> Items listed in a dataset
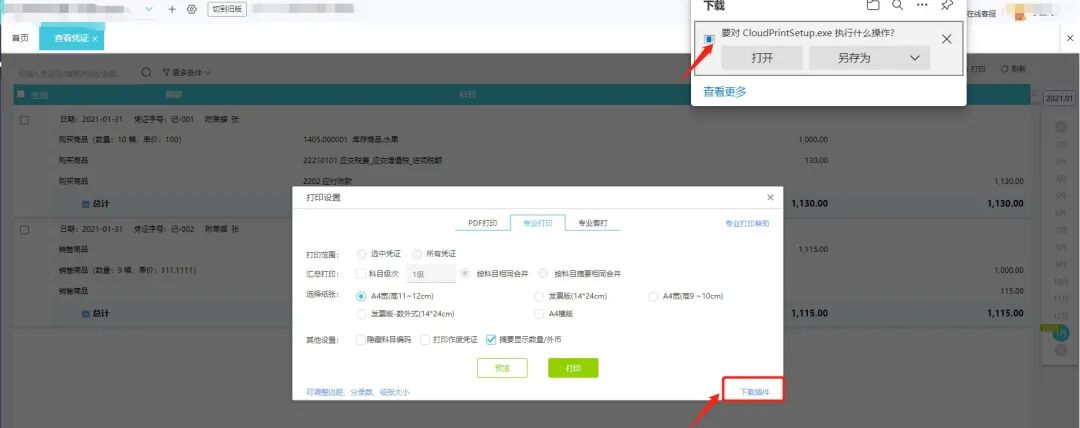 發(fā)表時間:2021-11-05 11:56作者:智能云財務(wù)軟件 【操作流程】 1. 首先登錄賬號進(jìn)入軟件中,進(jìn)入【總賬】-【查看憑證】的界面; 2. 舉專業(yè)版打印發(fā)票紙張為例:選中憑證為:2021-10-19,憑證號:005,點擊右上角【打印】按鈕,選擇專業(yè)打印,發(fā)票版進(jìn)行打印憑證,具體操作如下: ①如果是第一次且選擇的是專業(yè)打印/專業(yè)套打進(jìn)行打印憑證時,需要點擊右下角的【打印插件】,進(jìn)行下載網(wǎng)絡(luò)打印助手或點擊最下面的【預(yù)覽】界面下載插件都可以;
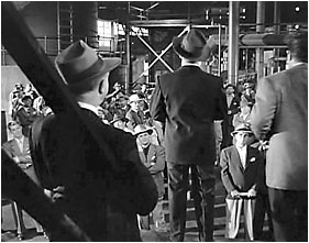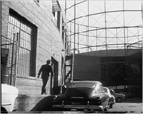 Cornel Wilde entering the gas works compressor building in The Big Combo.
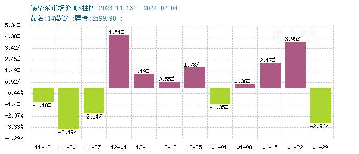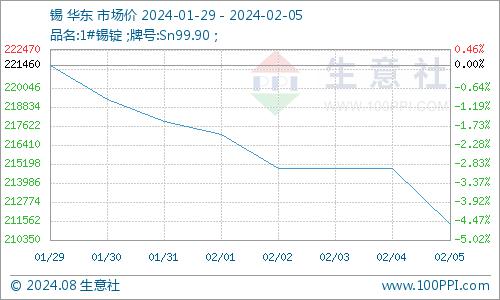 据生意社商品行情分析系统监测:本周(1.29-2.5)华东地区1#锡锭震荡下跌,上周初市场均价在221460元/吨,本周初市场均价在211360元/吨,周跌4.56%。
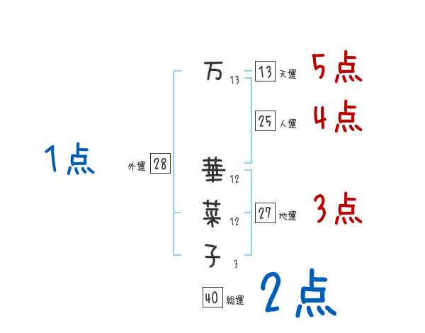 天運![]() | 万華菜子さんの天運は13画の5つ星!才能に恵まれ人気がある。名声を手に入れる。円満な人生。 家系が持つ宿命的な運勢を表します。祖先から受け継いだ苗字ですので自分の力が及びません。家柄を象徴します。 |
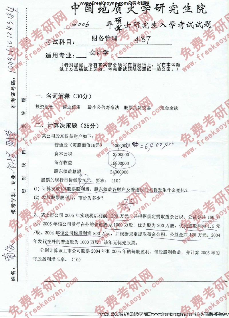 专业课考研经验 本站小编 FreeKaoyan 2018-01-23中国地质大学(武汉)2005年考研真题-中级财务会计
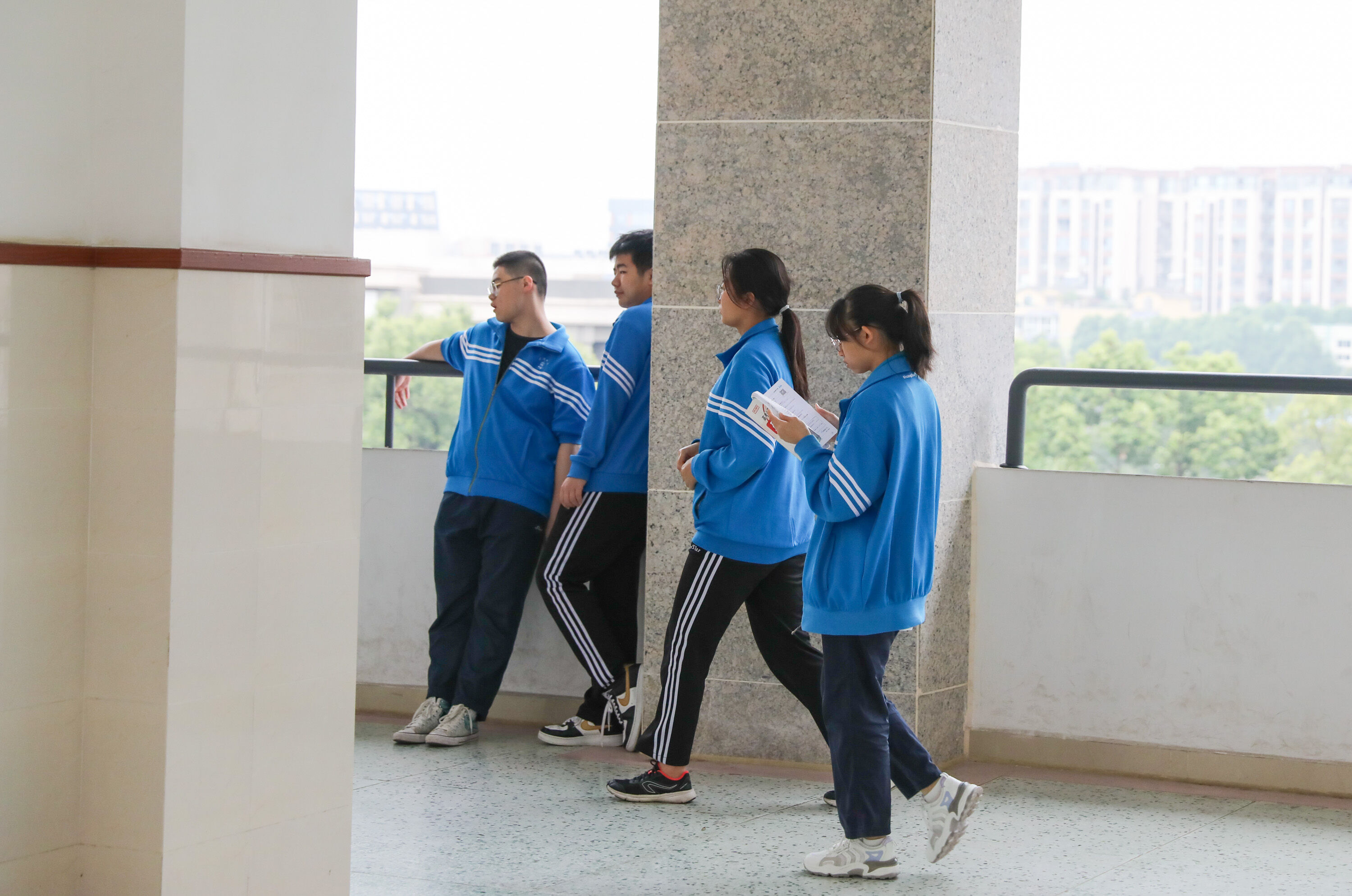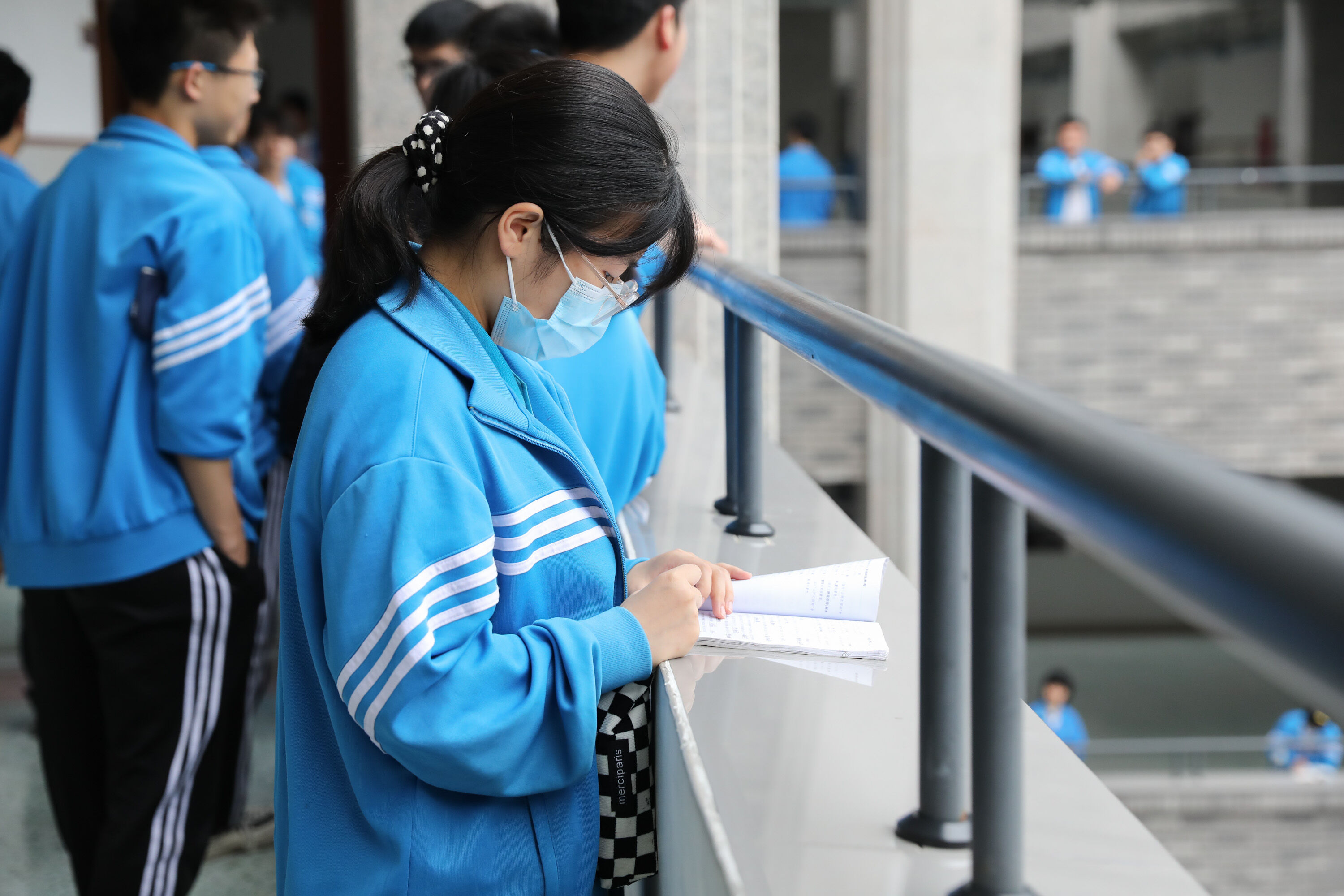 第二次高考模擬考試,考前在教室外認(rèn)真復(fù)習(xí)的高三學(xué)生??恐鴫π菹⒁幌露际?/div>
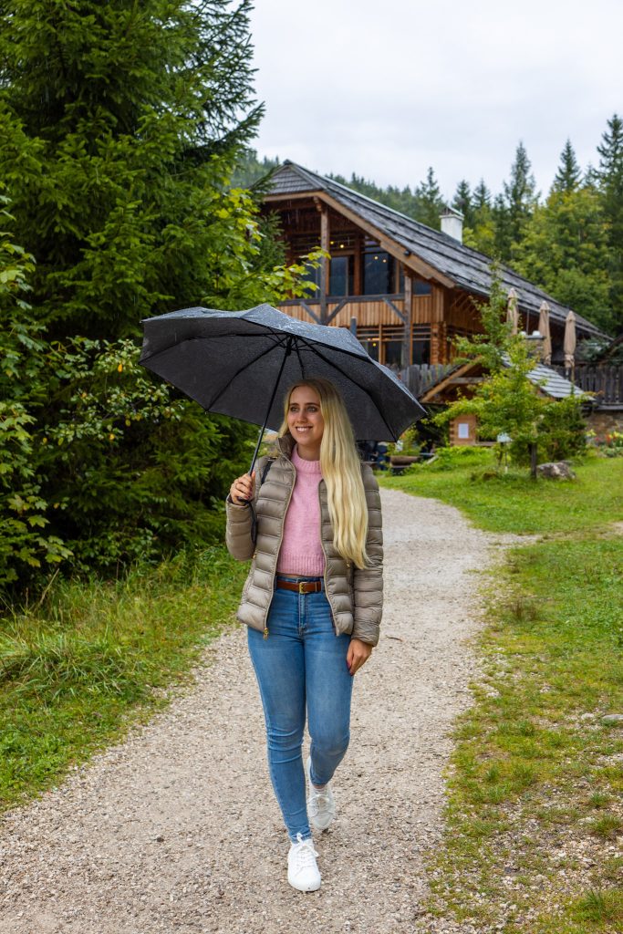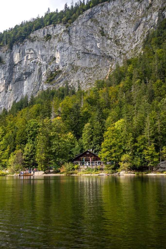 In Gößl angekommen geht es zu Fuß weiter. Je nach Route spazierst du etwa 25 – 35 Minuten bis zum Toplitzsee. Besonders empfehlen kann ich den Rundwanderweg: Er führt zuerst über einen Waldweg, vorbei an der Ranftlmühle, bis zur Fischerhütte am See. Für den Rückweg geht es dann über eine Schotterstraße, vorbei an der imposanten Gößler Wand und charmanten kleinen Häusern entlang des Weges. Ein Spaziergang, den ich dir wirklich ans Herz legen kann.
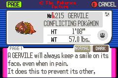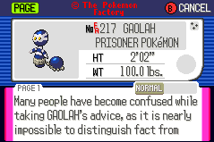 Welcome to the Factory Advance Main Archive, where the Pokémon Factory's central works are stored! This archive houses pokémon made in the style of Pokémon Advance (Ruby, Sapphire and Emerald Versions). Each pokédex entry is listed with the name of the person who suggested the idea to the Pokémon Factory, and the PF artist(s) who created the Pokédex shot. Further info includes the pokémon's Special Ability and Egg Group, its gender ratio, and a link to its Superdex entry, where more detailed information can be found.
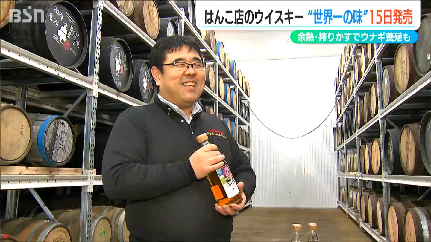 新潟市の“はんこ店”が作った3年物のウイスキーが、15日に発売されることになりました。ウイスキーの製造過程に出た温水や絞りかすは『ウナギの養殖』にも使っているそうです。

> Exercise goal
Write out exactly the lines from the one containing "专业课考研经验 本站小编 FreeKaoyan" through the end of the records above, both included, leaving all pictures out.

> Solved exercise
 专业课考研经验 本站小编 FreeKaoyan 2018-01-23中国地质大学(武汉)2005年考研真题-中级财务会计
 第二次高考模擬考試,考前在教室外認(rèn)真復(fù)習(xí)的高三學(xué)生??恐鴫π菹⒁幌露际?/div>
 In Gößl angekommen geht es zu Fuß weiter. Je nach Route spazierst du etwa 25 – 35 Minuten bis zum Toplitzsee. Besonders empfehlen kann ich den Rundwanderweg: Er führt zuerst über einen Waldweg, vorbei an der Ranftlmühle, bis zur Fischerhütte am See. Für den Rückweg geht es dann über eine Schotterstraße, vorbei an der imposanten Gößler Wand und charmanten kleinen Häusern entlang des Weges. Ein Spaziergang, den ich dir wirklich ans Herz legen kann.
 Welcome to the Factory Advance Main Archive, where the Pokémon Factory's central works are stored! This archive houses pokémon made in the style of Pokémon Advance (Ruby, Sapphire and Emerald Versions). Each pokédex entry is listed with the name of the person who suggested the idea to the Pokémon Factory, and the PF artist(s) who created the Pokédex shot. Further info includes the pokémon's Special Ability and Egg Group, its gender ratio, and a link to its Superdex entry, where more detailed information can be found.
 新潟市の“はんこ店”が作った3年物のウイスキーが、15日に発売されることになりました。ウイスキーの製造過程に出た温水や絞りかすは『ウナギの養殖』にも使っているそうです。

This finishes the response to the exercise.